The details of how the OOD samples are detected are vague. While constructing the coding tree provides a loss that is used as an OOD detection score, the method for separating OOD samples from IID samples seems unclear. If the OOD samples are detected when the loss exceeds a certain threshold, the good performance of the proposed method may stem from a well-tuned threshold on the benchmark datasets.
The paper could benefit from more empirical details on the coding tree construction and a time consumption comparison between the proposed method and other baseline methods.

问题

Since the proposed method uses the optimized loss as an OOD detection score, how does the method identify a sample as an OOD sample? Is there a manually set threshold that separates IID and OOD samples?
While the paper provides time complexity analysis, could the comparison between the proposed method and other baseline methods be provided? Constructing and optimizing a coding tree can be a time-consuming process. It would be beneficial to have more details about optimizing the coding tree on a sample provided.

I look forward to the authors' response and will adjust my rating based on the rebuttal.

局限性

The authors have discussed the limitation that the proposed method mainly focuses on graph-level detection. However, I encourage the authors to further discuss the limitations of the proposed method.

最终评判理由

This paper proposes a new OOD detection method using a coding tree.
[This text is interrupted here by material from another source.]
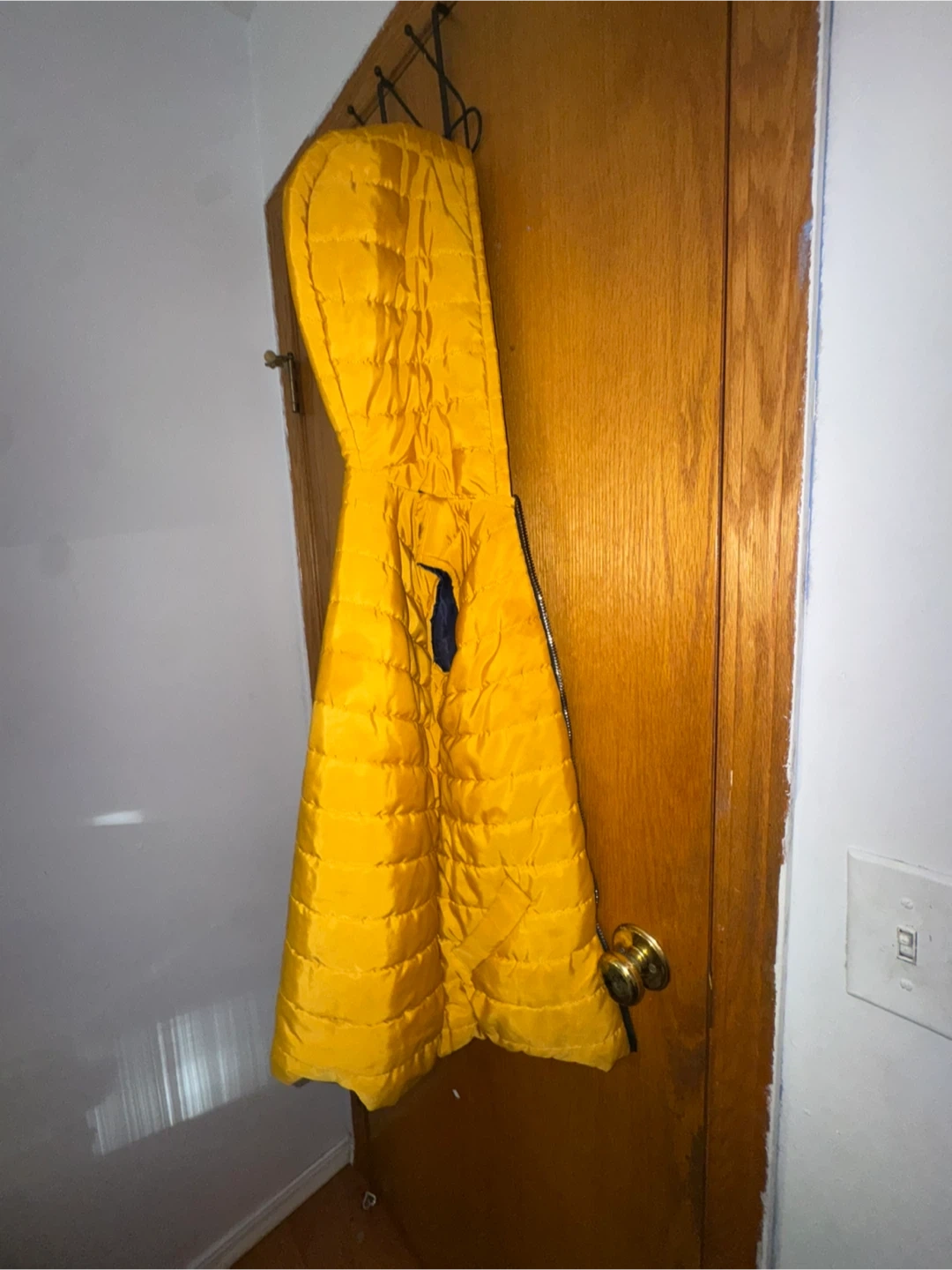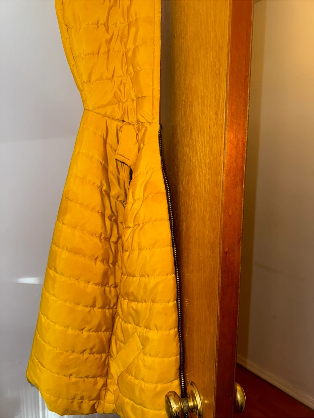 This is a yellow puffer vest with a navy blue lining. It's sleeveless and features a zipper closure. The vest is quilted for warmth.

The proposed method seems novel. My initial concerns has been addressed in the rebuttal, therefore I am increasing my rating.

格式问题

I do not notice any major formatting issues in this paper.

作者回复

2025-07-30

We sincerely appreciate your valuable comments and will reply to all these concerns individually.

W1.1: Figure 2 contains "?", which makes it difficult to understand

We would like to clarify that Figure 2 in our paper does not contain "?" symbols. The issue you mentioned may result from incomplete image rendering in the browser. We recommend downloading the paper and viewing it locally using Adobe Reader to ensure correct visualization.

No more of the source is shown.